### What needs to be done
The answer must be an exact copy of the entries below, with no images in it.
[[ Listed records open ]]
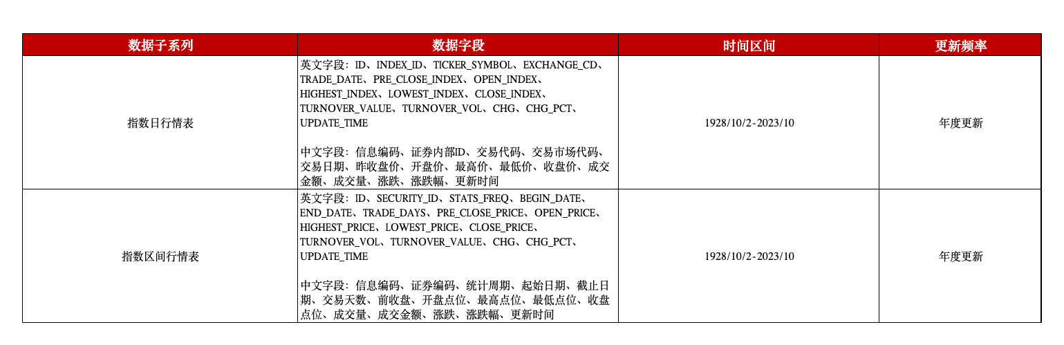 指数区间行情:指数区间行情信息,统计周期包括周、月、季、半年、年,字段包括昨收盘、开盘点位、最高点位、最低点位、收盘点位、成交量、成交金额、涨跌、涨跌幅等。
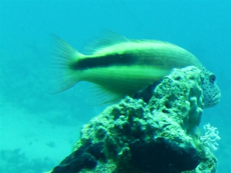 Offshore så vi både delfiner, tun en masse, en gigantisk Napoleon gylte, en ørnerokke på min. 2 meter og en skildpadde.
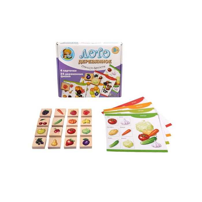 - Деревянные фишки с картинками фруктов, овощей и ягод — 24 шт.
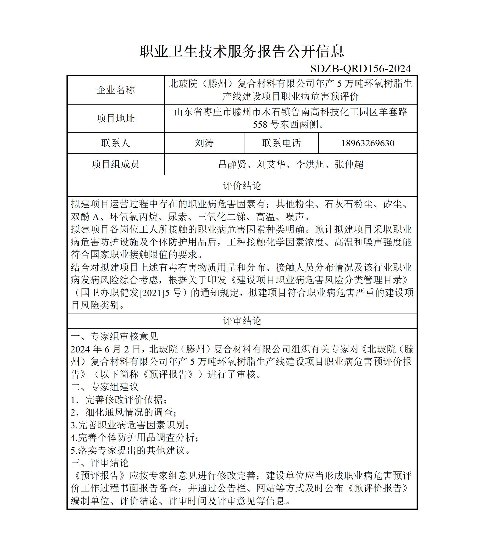 ZBZY24-YP-007北玻院(滕州)复合材料有限公司年产5万吨环氧树脂职业病危害预评价 信息公开
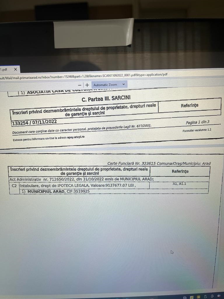„Ne prevalăm de dreptul care se numeşte <dare în plată> astfel încât noi să putem lua clădirea în baza datoriei, în patrimoniul Aradului” – spunea, în septembrie, primarul Călin Bibarţ.
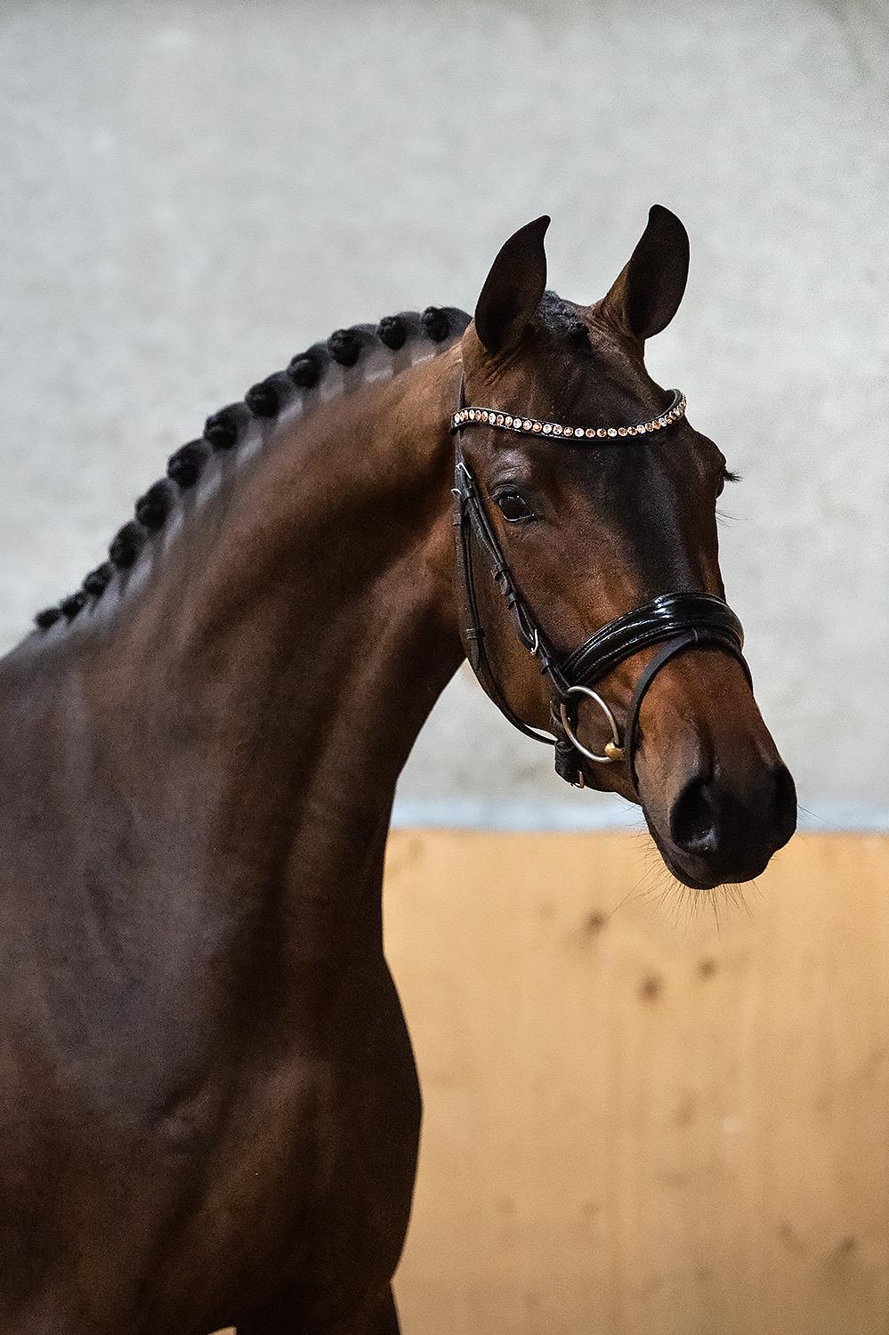 This very well bred mare moves with athleticism and power around the arena. She is a true ‘pocket rocket’. Saying that, she is also very sweet and shows willingness to learn and to adapt to her new situation. She has just come into the stable from herd life and is inquisitive and cute in around the stable. She has really good mechanics and three solid paces, so we think this is going to be a great sports horse! Vetted and healthy
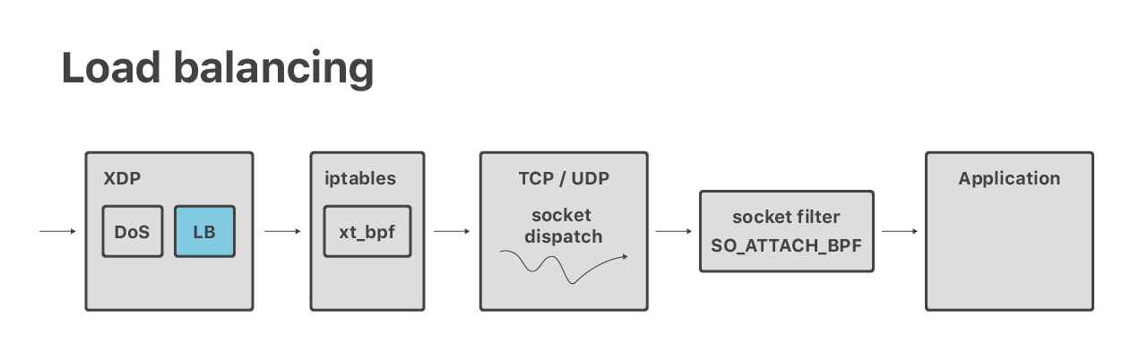 除了 DoS 之外,我们还在 XDP 中做 4 层负载均衡。这是个新项目,因此我们对外的 分享还不多。简单来说(做这件事情)是因为:在特定的情况下,我们要能通过 XDP 查询 socket。
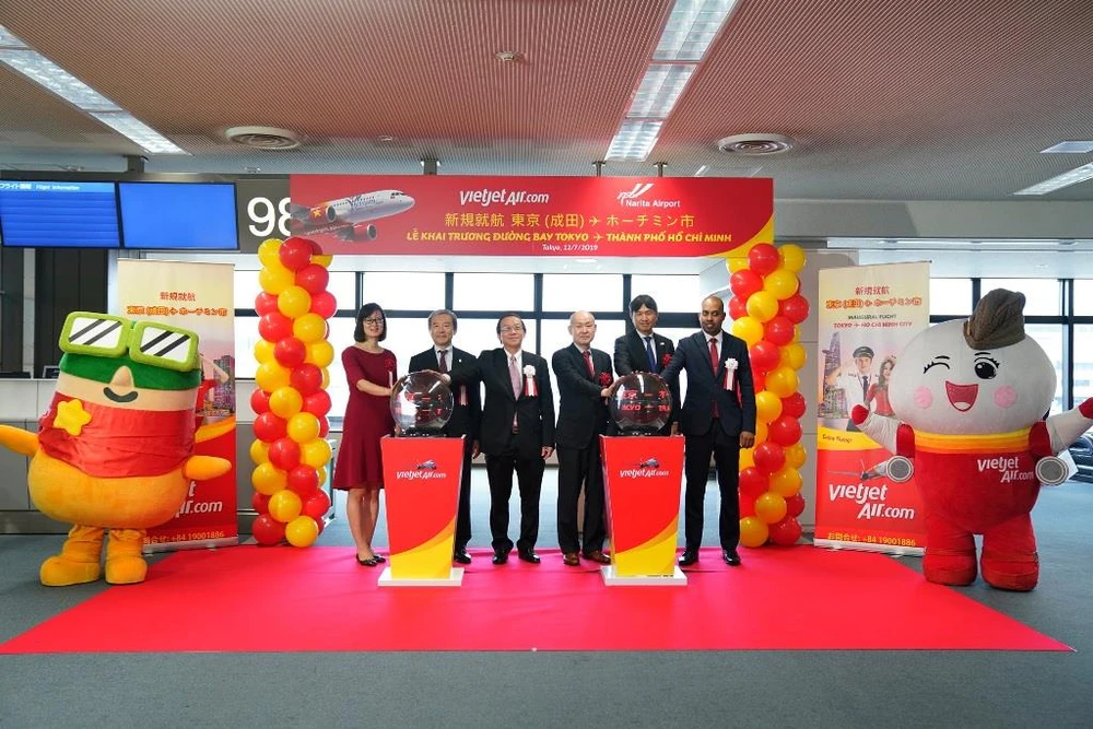 Tiếp tục mở rộng mạng bay đến Đông Bắc Á, Vietjet hôm nay khai trương đường bay TP.HCM-Tokyo (Narita). Sự kiện khai trương diễn ra tưng bừng tại sân bay Quốc tế Narita với sự tham dự của ông Kyotaro Harano, đại diện Bộ Đất đai, Hạ tầng, Giao thông và Du lịch Nhật Bản, ông Akihiko Tamura, Chủ tịch kiêm Giám đốc đại diện Sân bay Quốc tế Narita, ông Shinsuke Satake, đại diện Cơ quan xúc tiến du lịch Nhật Bản cùng lãnh đạo Vietjet và các đại lý, đối tác của hãng tại Nhật.
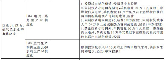 發(fā)電項(xiàng)目方面:投資核電站的建設(shè)、經(jīng)營(yíng)須中方控股。投資綜合水利樞紐的建設(shè)、經(jīng)營(yíng)須中方控股。限制投資電網(wǎng)的建設(shè)、經(jīng)營(yíng)(中方控股)。限制投資限制投資小電網(wǎng)范圍內(nèi),單機(jī)容量30萬千瓦及以下燃煤凝汽火電站、單機(jī)容量10萬千瓦燃煤凝汽抽汽兩用熱電聯(lián)產(chǎn)電站的建設(shè)、運(yùn)營(yíng)。禁止投資小電網(wǎng)范圍外,單機(jī)容量30萬千瓦及以下燃煤凝汽火電站、單機(jī)容量10萬千瓦燃煤凝汽抽汽兩用熱電聯(lián)產(chǎn)電站的建設(shè)、運(yùn)營(yíng)。
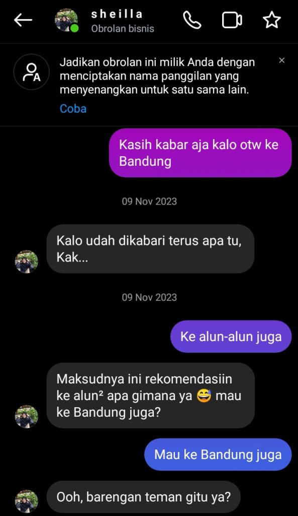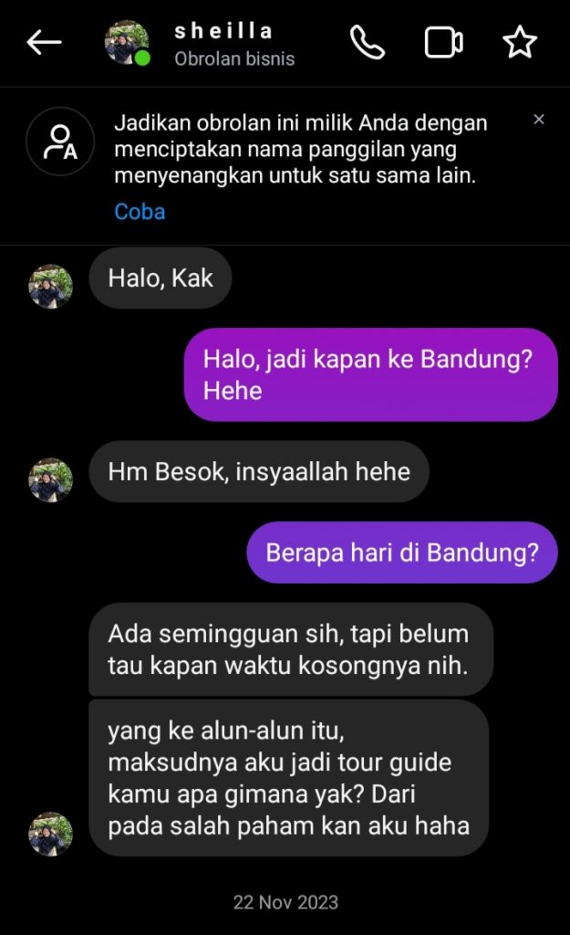 Hmmm…ternyata Sheilla berketurunan orang Sunda dari ibunya, dan saat itu dirinya mau ke Bandung untuk mendatangi wisudaan adiknya. Terbesitlah di benak saya; gimana kalau saya ajak ketemuan aja?  😊
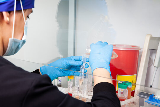 Young female scientist working in a safety laminar air flow cabinet at the laboratory
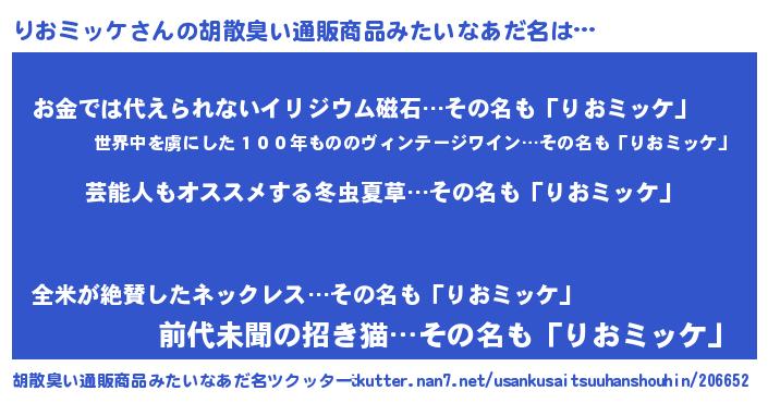 | 意味不明あだ名 | 『自称りおミッケ』『永久保存りおミッケ』 |
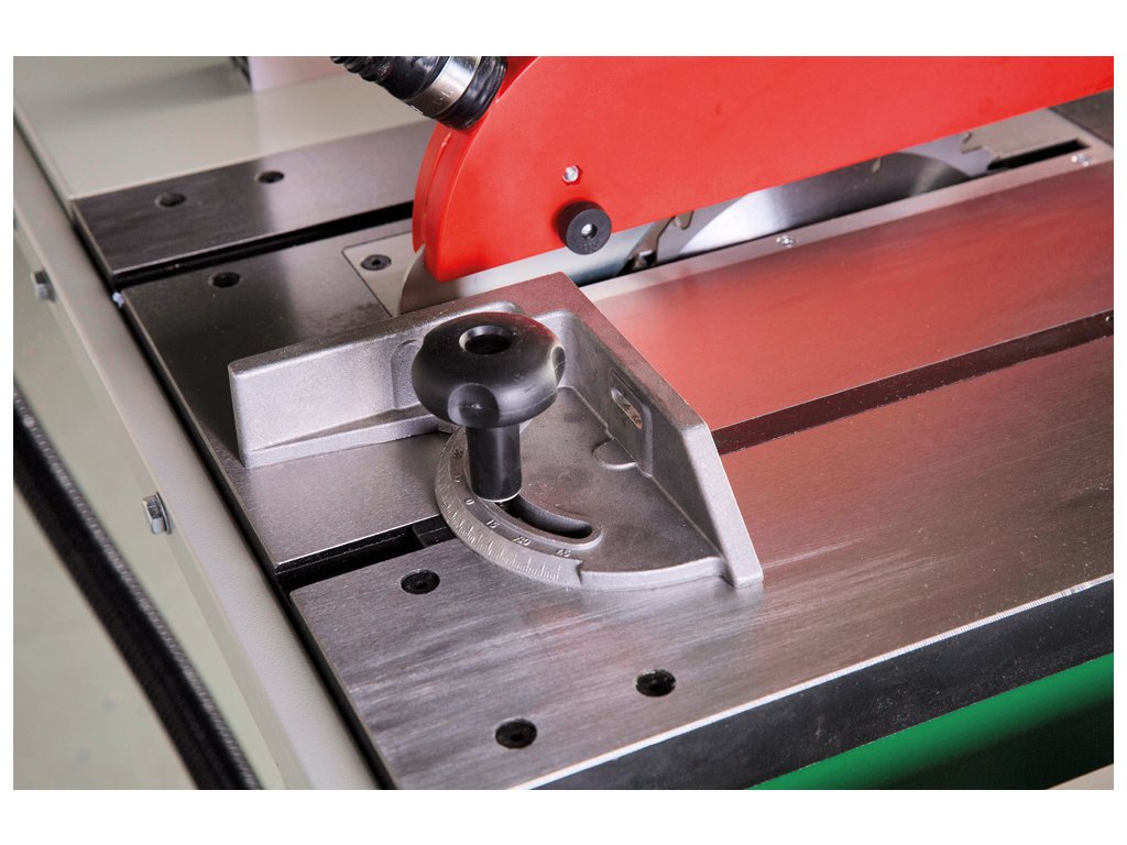 - Pilový kotouč lze naklopit vlevo v rozsahu 0° až 45°, přesně, pomocí ručního kola a stupnice
[[ Listed records closed ]]
### Result of this task
 指数区间行情:指数区间行情信息,统计周期包括周、月、季、半年、年,字段包括昨收盘、开盘点位、最高点位、最低点位、收盘点位、成交量、成交金额、涨跌、涨跌幅等。
 Offshore så vi både delfiner, tun en masse, en gigantisk Napoleon gylte, en ørnerokke på min. 2 meter og en skildpadde.
 - Деревянные фишки с картинками фруктов, овощей и ягод — 24 шт.
 ZBZY24-YP-007北玻院(滕州)复合材料有限公司年产5万吨环氧树脂职业病危害预评价 信息公开
„Ne prevalăm de dreptul care se numeşte <dare în plată> astfel încât noi să putem lua clădirea în baza datoriei, în patrimoniul Aradului” – spunea, în septembrie, primarul Călin Bibarţ.
 This very well bred mare moves with athleticism and power around the arena. She is a true ‘pocket rocket’. Saying that, she is also very sweet and shows willingness to learn and to adapt to her new situation. She has just come into the stable from herd life and is inquisitive and cute in around the stable. She has really good mechanics and three solid paces, so we think this is going to be a great sports horse! Vetted and healthy
 除了 DoS 之外,我们还在 XDP 中做 4 层负载均衡。这是个新项目,因此我们对外的 分享还不多。简单来说(做这件事情)是因为:在特定的情况下,我们要能通过 XDP 查询 socket。
 Tiếp tục mở rộng mạng bay đến Đông Bắc Á, Vietjet hôm nay khai trương đường bay TP.HCM-Tokyo (Narita). Sự kiện khai trương diễn ra tưng bừng tại sân bay Quốc tế Narita với sự tham dự của ông Kyotaro Harano, đại diện Bộ Đất đai, Hạ tầng, Giao thông và Du lịch Nhật Bản, ông Akihiko Tamura, Chủ tịch kiêm Giám đốc đại diện Sân bay Quốc tế Narita, ông Shinsuke Satake, đại diện Cơ quan xúc tiến du lịch Nhật Bản cùng lãnh đạo Vietjet và các đại lý, đối tác của hãng tại Nhật.
 發(fā)電項(xiàng)目方面:投資核電站的建設(shè)、經(jīng)營(yíng)須中方控股。投資綜合水利樞紐的建設(shè)、經(jīng)營(yíng)須中方控股。限制投資電網(wǎng)的建設(shè)、經(jīng)營(yíng)(中方控股)。限制投資限制投資小電網(wǎng)范圍內(nèi),單機(jī)容量30萬千瓦及以下燃煤凝汽火電站、單機(jī)容量10萬千瓦燃煤凝汽抽汽兩用熱電聯(lián)產(chǎn)電站的建設(shè)、運(yùn)營(yíng)。禁止投資小電網(wǎng)范圍外,單機(jī)容量30萬千瓦及以下燃煤凝汽火電站、單機(jī)容量10萬千瓦燃煤凝汽抽汽兩用熱電聯(lián)產(chǎn)電站的建設(shè)、運(yùn)營(yíng)。
 Hmmm…ternyata Sheilla berketurunan orang Sunda dari ibunya, dan saat itu dirinya mau ke Bandung untuk mendatangi wisudaan adiknya. Terbesitlah di benak saya; gimana kalau saya ajak ketemuan aja?  😊
 Young female scientist working in a safety laminar air flow cabinet at the laboratory
 | 意味不明あだ名 | 『自称りおミッケ』『永久保存りおミッケ』 |
 - Pilový kotouč lze naklopit vlevo v rozsahu 0° až 45°, přesně, pomocí ručního kola a stupnice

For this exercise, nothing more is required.